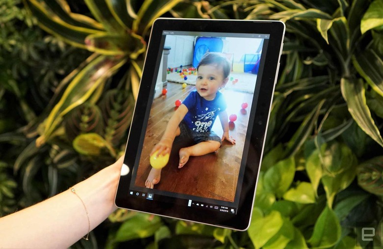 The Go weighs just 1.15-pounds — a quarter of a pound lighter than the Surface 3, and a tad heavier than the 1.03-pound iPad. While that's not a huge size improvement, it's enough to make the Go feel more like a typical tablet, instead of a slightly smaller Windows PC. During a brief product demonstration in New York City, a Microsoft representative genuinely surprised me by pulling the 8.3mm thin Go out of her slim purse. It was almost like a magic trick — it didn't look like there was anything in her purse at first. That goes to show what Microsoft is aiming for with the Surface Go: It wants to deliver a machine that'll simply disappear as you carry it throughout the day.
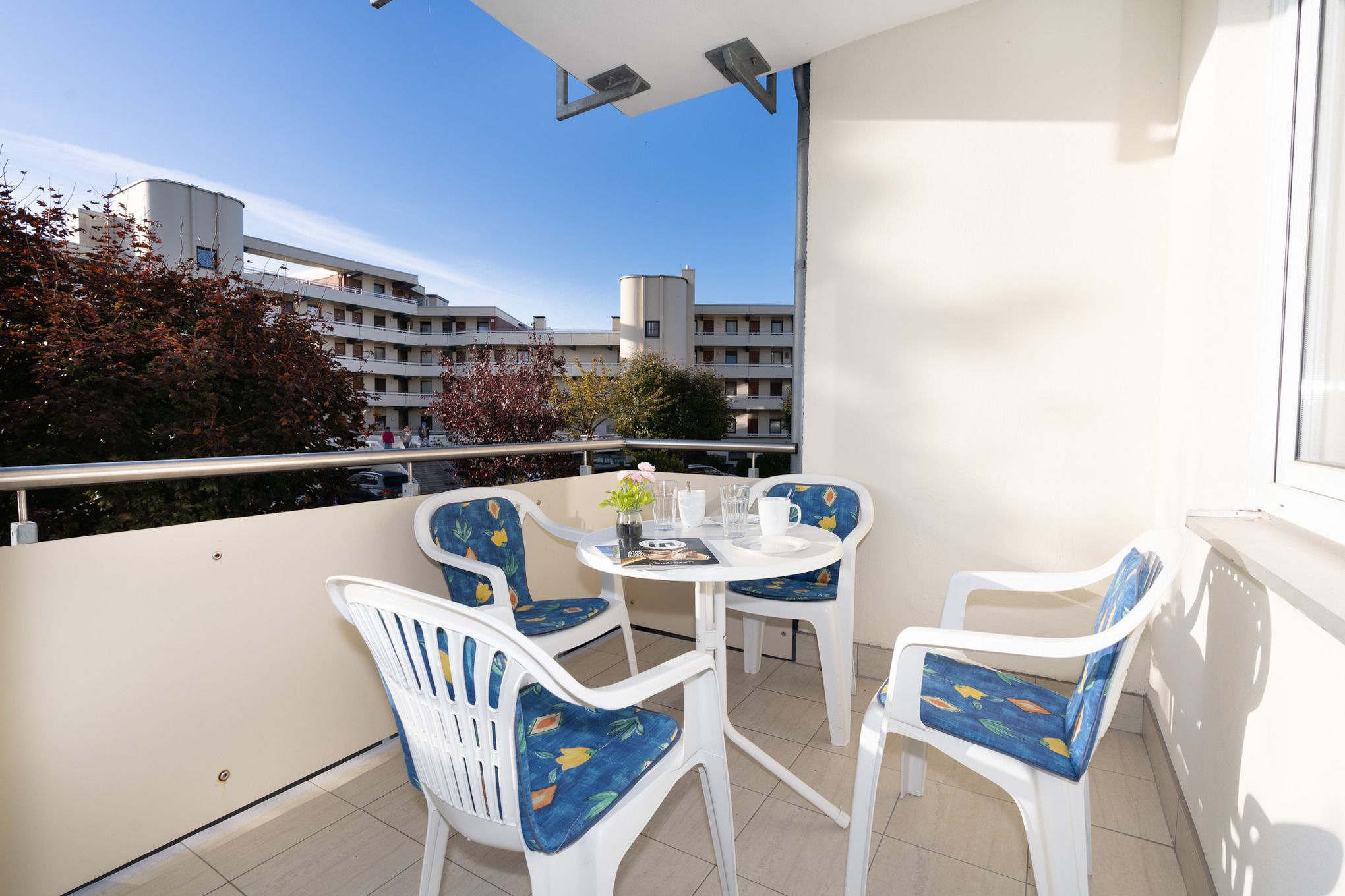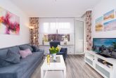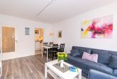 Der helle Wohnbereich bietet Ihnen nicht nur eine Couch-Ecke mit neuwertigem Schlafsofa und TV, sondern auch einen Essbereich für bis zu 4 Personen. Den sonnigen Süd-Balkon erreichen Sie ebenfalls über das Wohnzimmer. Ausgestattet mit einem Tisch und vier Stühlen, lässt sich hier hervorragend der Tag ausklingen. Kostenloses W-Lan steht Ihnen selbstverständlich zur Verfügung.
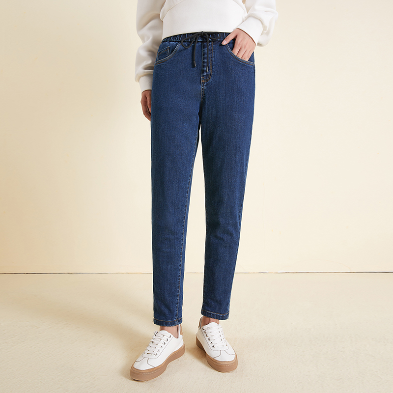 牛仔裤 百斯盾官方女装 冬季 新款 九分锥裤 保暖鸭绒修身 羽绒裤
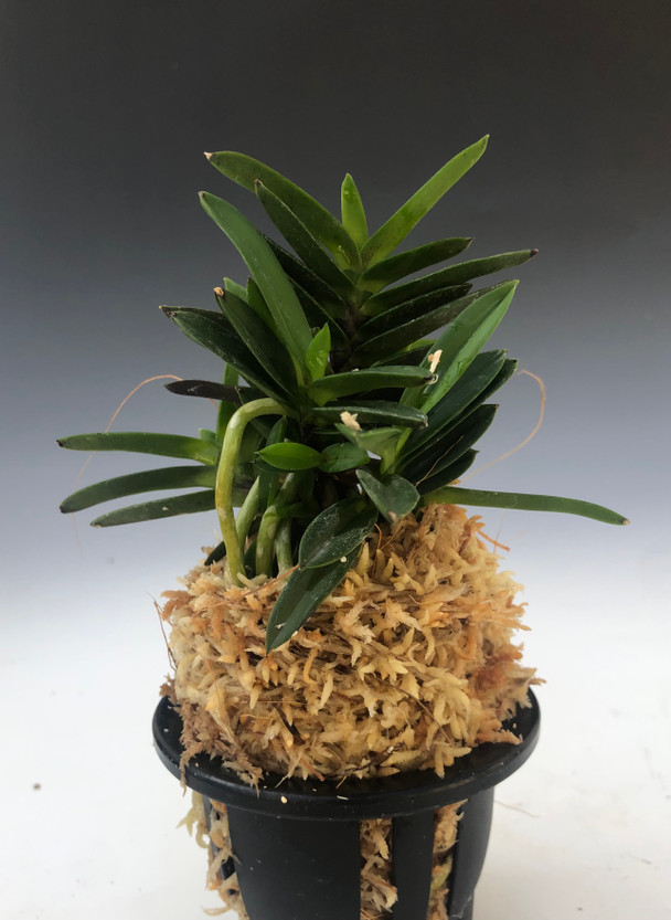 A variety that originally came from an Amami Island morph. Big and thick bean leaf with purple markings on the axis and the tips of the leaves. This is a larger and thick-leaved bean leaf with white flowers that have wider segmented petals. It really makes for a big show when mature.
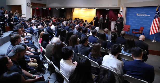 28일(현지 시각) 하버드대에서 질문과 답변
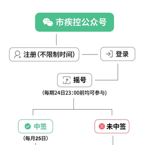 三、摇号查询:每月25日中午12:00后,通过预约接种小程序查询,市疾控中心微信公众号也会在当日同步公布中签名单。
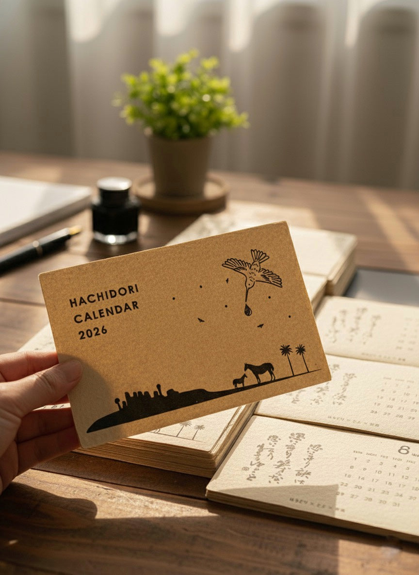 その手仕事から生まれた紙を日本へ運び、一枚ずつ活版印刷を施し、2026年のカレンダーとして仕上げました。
________________________________________
= Your task =
All lines from the one holding "28일(현지 시각) 하버드대에서 질문과 답변" to the end of the listing above need to be duplicated exactly. None of the pictures should be included.

= Exercise result =
 28일(현지 시각) 하버드대에서 질문과 답변
 三、摇号查询:每月25日中午12:00后,通过预约接种小程序查询,市疾控中心微信公众号也会在当日同步公布中签名单。
 その手仕事から生まれた紙を日本へ運び、一枚ずつ活版印刷を施し、2026年のカレンダーとして仕上げました。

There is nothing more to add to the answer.